» Problem requirements:
Exact copy, no pictures: return only the lines below from the line with "なおゴルスタ内ではこのような怪文書が出回っている模様" up to and including the line with "現王園 悠之亮さんを姓名の画数から五運を鑑定".
[[ Source material open ]]
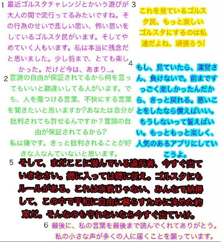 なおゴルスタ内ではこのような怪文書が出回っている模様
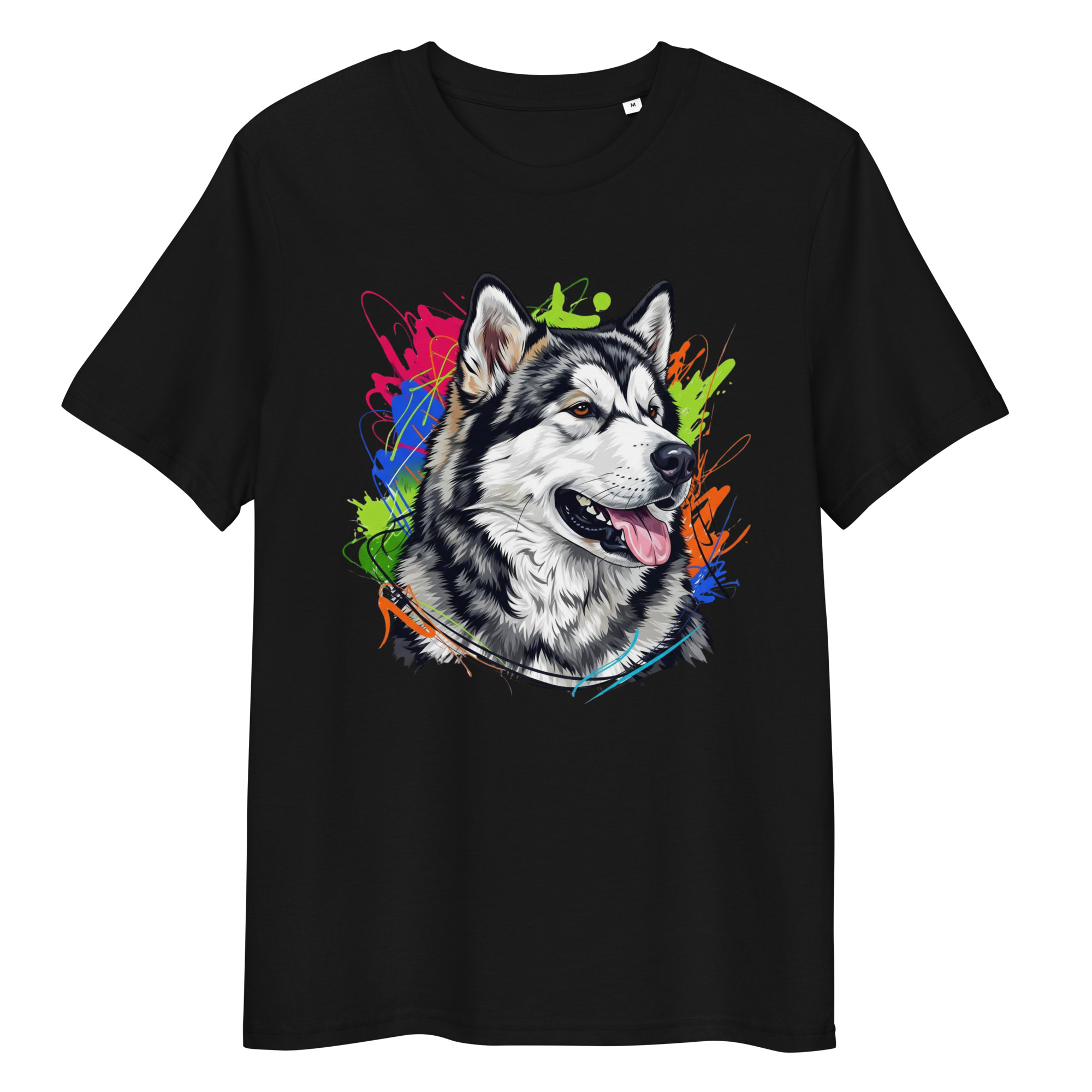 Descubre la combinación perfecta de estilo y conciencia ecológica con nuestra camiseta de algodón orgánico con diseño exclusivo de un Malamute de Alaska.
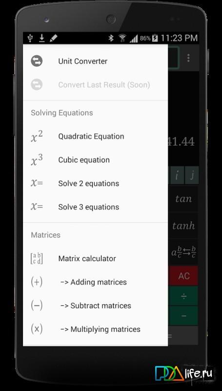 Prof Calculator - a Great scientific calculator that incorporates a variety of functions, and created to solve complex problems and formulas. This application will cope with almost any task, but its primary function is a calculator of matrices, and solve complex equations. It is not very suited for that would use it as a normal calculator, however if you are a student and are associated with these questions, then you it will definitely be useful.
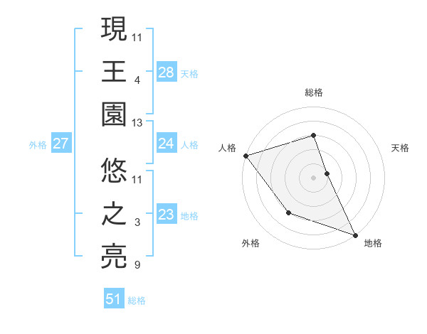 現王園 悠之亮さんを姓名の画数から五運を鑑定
[[ Source material closed ]]
[[ Source material open ]]
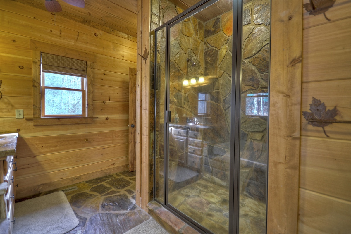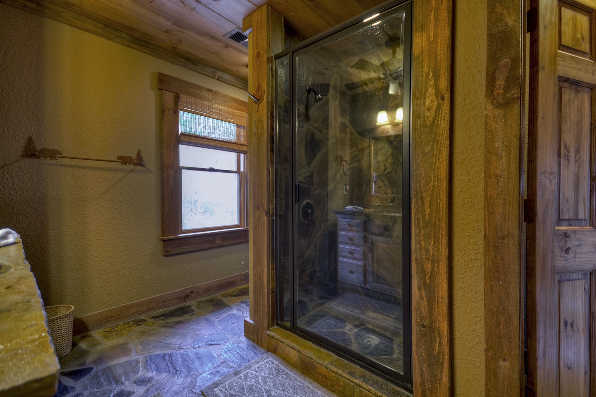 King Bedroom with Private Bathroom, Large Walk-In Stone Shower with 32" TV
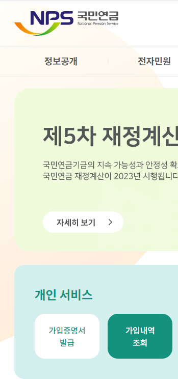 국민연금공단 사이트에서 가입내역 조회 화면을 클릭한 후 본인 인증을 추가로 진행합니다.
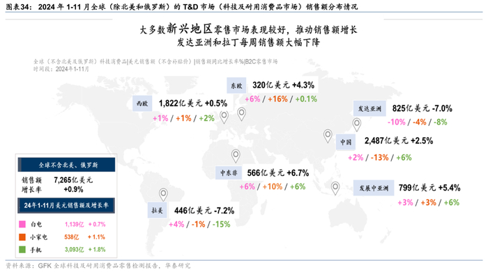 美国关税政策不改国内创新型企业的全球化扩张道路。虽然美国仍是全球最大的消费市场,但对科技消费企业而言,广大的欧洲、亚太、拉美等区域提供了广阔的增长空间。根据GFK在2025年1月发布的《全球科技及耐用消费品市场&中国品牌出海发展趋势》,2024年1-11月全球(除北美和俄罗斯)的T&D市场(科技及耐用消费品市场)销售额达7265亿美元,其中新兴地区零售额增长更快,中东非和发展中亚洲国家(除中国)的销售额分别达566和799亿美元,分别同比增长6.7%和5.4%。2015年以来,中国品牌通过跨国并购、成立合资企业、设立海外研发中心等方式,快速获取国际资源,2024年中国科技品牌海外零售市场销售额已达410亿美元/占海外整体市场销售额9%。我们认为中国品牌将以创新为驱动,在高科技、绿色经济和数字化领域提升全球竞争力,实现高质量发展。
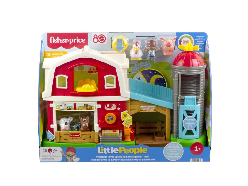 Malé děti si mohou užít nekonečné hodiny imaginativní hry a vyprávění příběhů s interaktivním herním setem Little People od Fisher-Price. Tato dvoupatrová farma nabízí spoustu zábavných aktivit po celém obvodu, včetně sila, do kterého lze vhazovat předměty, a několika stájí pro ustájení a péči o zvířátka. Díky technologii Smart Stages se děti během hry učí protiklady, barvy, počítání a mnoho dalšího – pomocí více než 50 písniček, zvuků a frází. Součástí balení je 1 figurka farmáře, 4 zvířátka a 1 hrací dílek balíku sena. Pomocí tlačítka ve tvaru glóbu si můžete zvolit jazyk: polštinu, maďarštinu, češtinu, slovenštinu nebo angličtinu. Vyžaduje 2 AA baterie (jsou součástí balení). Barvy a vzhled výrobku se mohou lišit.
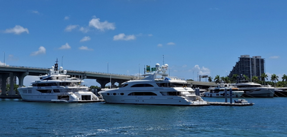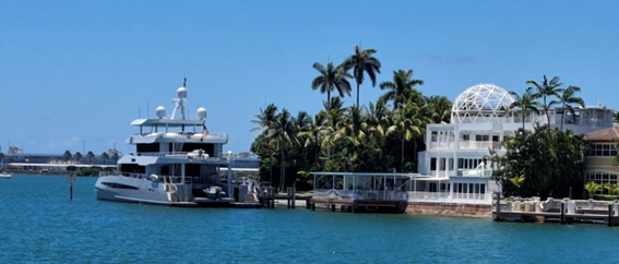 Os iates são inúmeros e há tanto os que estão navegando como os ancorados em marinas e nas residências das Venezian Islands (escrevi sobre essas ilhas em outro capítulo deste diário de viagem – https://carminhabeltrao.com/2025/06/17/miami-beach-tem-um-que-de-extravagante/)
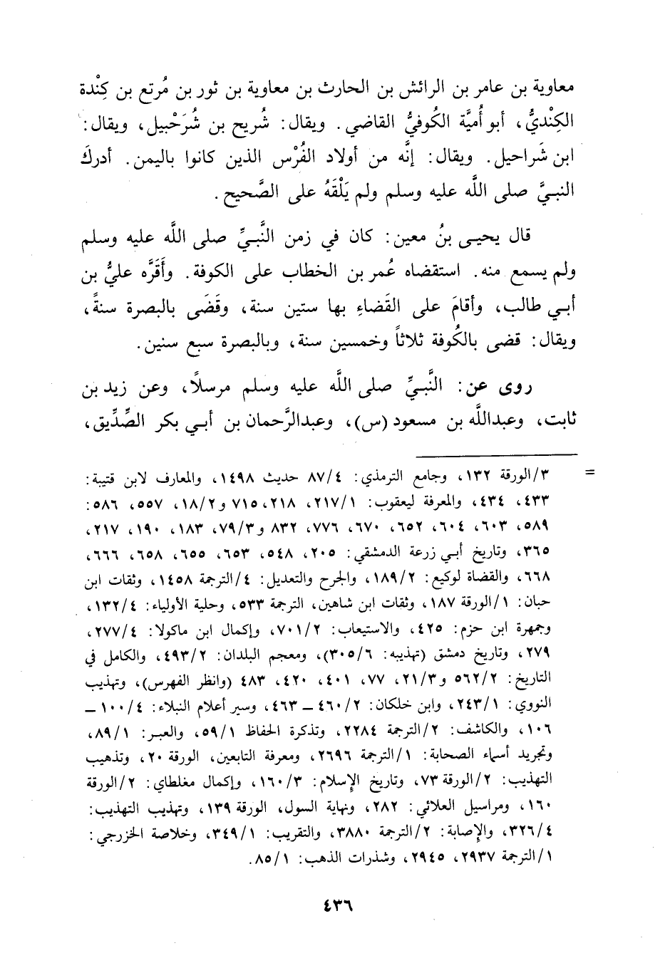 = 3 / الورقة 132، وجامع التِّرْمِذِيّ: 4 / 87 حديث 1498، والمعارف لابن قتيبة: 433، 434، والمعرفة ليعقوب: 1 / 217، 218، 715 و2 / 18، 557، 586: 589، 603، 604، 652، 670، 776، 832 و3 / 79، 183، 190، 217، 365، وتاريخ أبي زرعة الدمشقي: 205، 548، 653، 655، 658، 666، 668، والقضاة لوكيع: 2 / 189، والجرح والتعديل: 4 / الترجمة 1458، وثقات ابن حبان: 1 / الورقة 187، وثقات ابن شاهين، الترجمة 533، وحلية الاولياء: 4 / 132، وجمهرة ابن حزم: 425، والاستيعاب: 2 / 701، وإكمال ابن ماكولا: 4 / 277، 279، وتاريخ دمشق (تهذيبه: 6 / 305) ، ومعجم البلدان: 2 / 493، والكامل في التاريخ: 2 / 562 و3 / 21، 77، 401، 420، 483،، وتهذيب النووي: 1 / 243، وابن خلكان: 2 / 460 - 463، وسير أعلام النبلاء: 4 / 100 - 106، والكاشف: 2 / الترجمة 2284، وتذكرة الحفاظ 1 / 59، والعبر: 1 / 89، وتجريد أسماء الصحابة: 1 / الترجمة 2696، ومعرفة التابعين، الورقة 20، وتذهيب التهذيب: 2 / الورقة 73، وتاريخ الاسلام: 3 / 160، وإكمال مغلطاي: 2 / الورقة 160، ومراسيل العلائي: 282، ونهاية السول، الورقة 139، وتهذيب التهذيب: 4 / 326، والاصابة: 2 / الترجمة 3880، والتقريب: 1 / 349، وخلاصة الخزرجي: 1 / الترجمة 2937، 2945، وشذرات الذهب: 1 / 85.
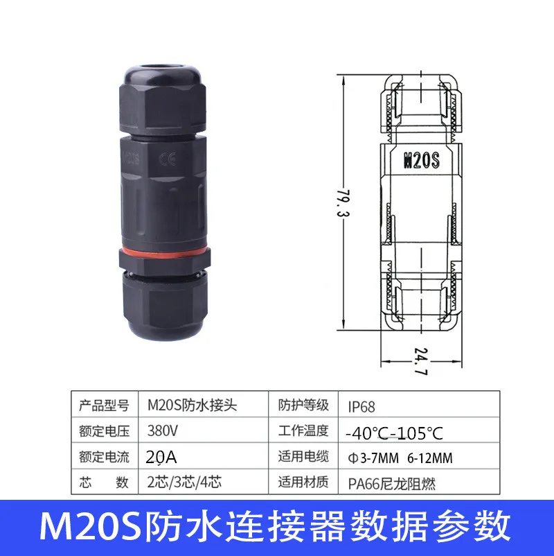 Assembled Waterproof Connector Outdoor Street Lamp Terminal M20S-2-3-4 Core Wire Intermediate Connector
[[ Source material closed ]]
[[ Source material open ]]
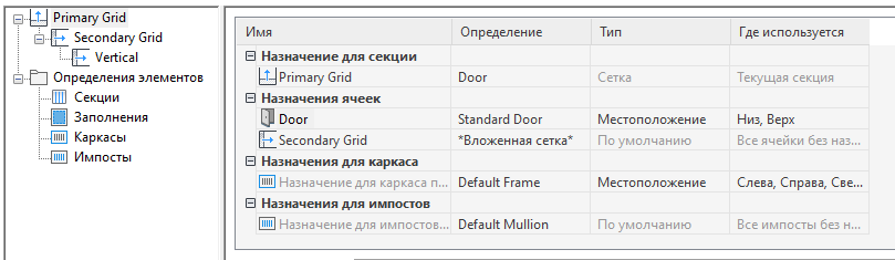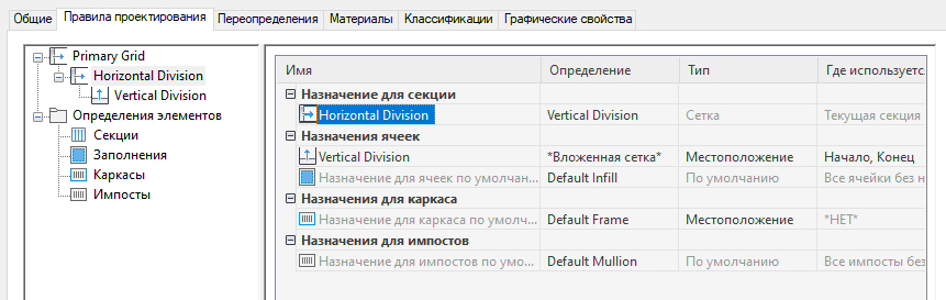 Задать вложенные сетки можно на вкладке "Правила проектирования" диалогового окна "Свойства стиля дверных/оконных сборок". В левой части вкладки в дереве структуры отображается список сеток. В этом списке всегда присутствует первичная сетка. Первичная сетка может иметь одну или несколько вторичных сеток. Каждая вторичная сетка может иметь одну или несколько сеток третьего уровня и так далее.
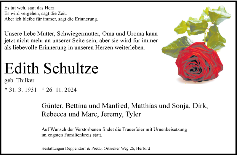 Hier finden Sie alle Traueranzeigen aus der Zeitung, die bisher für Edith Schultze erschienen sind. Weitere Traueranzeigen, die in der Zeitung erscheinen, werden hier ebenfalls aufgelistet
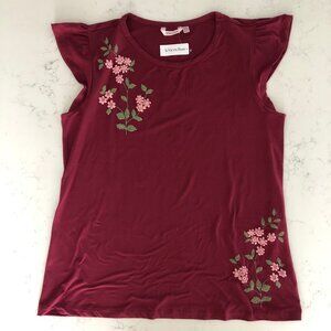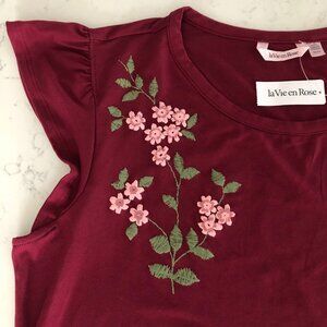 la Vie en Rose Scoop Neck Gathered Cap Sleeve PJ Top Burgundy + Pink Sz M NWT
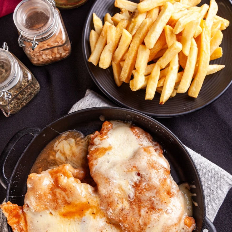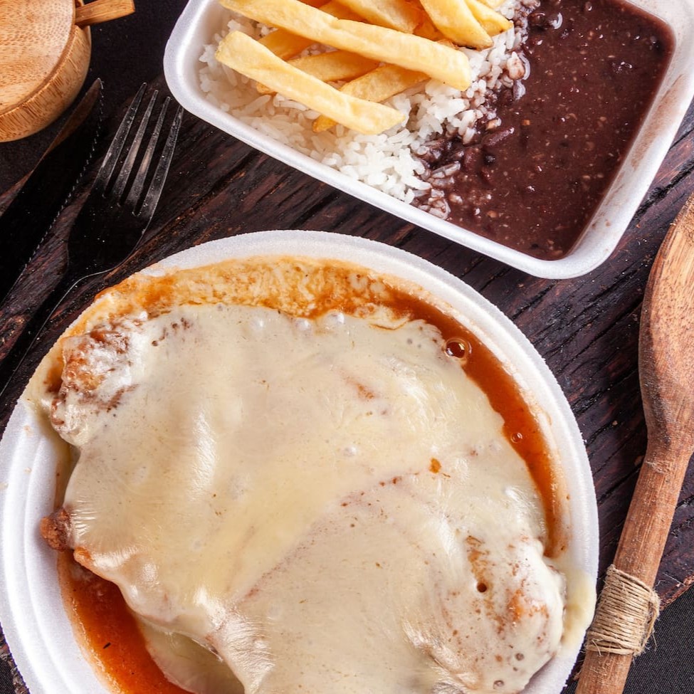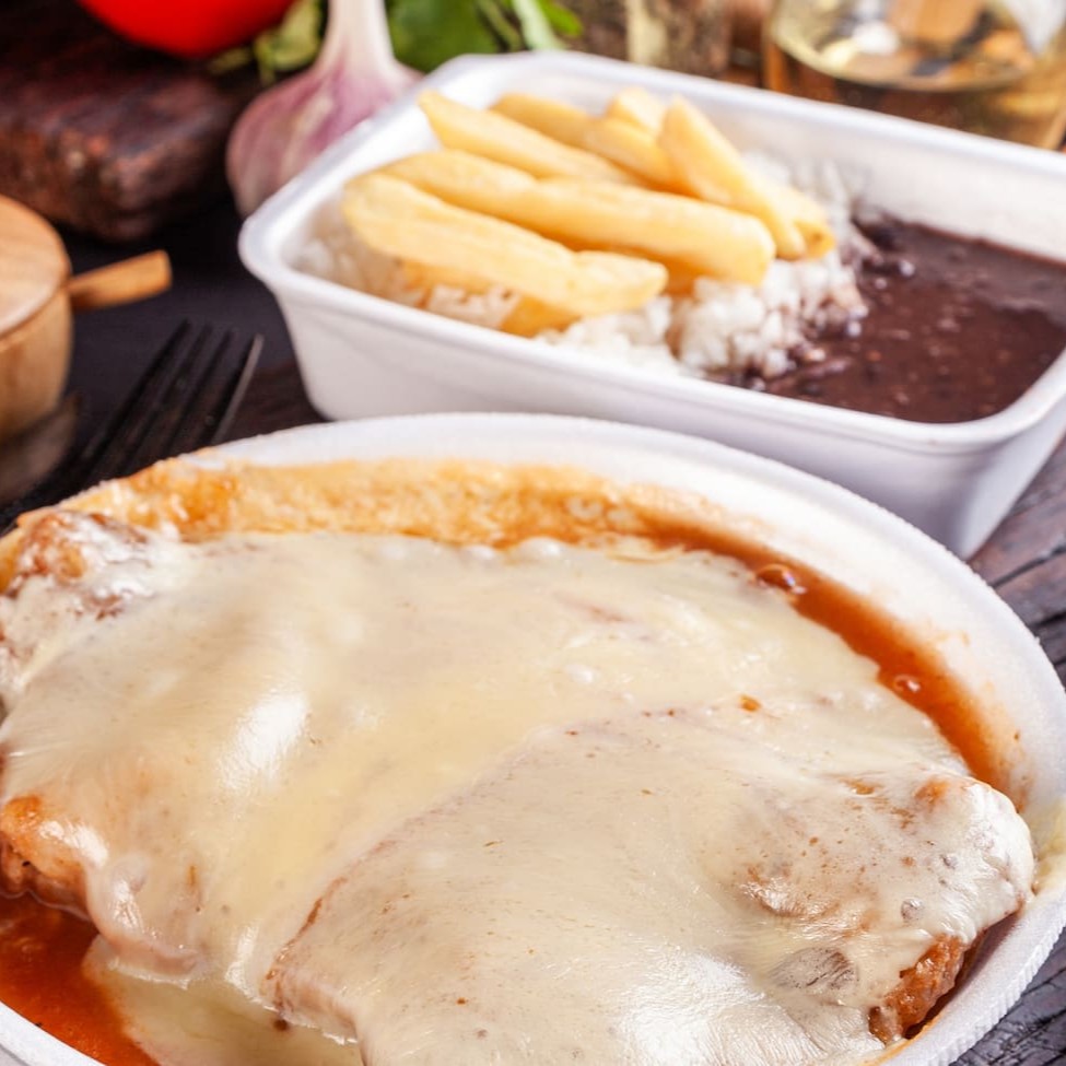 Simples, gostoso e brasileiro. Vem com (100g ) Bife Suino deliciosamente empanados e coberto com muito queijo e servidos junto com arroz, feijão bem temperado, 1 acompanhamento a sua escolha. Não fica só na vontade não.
[[ Source material closed ]]
» Exercise result:
 なおゴルスタ内ではこのような怪文書が出回っている模様
 Descubre la combinación perfecta de estilo y conciencia ecológica con nuestra camiseta de algodón orgánico con diseño exclusivo de un Malamute de Alaska.
 Prof Calculator - a Great scientific calculator that incorporates a variety of functions, and created to solve complex problems and formulas. This application will cope with almost any task, but its primary function is a calculator of matrices, and solve complex equations. It is not very suited for that would use it as a normal calculator, however if you are a student and are associated with these questions, then you it will definitely be useful.
 現王園 悠之亮さんを姓名の画数から五運を鑑定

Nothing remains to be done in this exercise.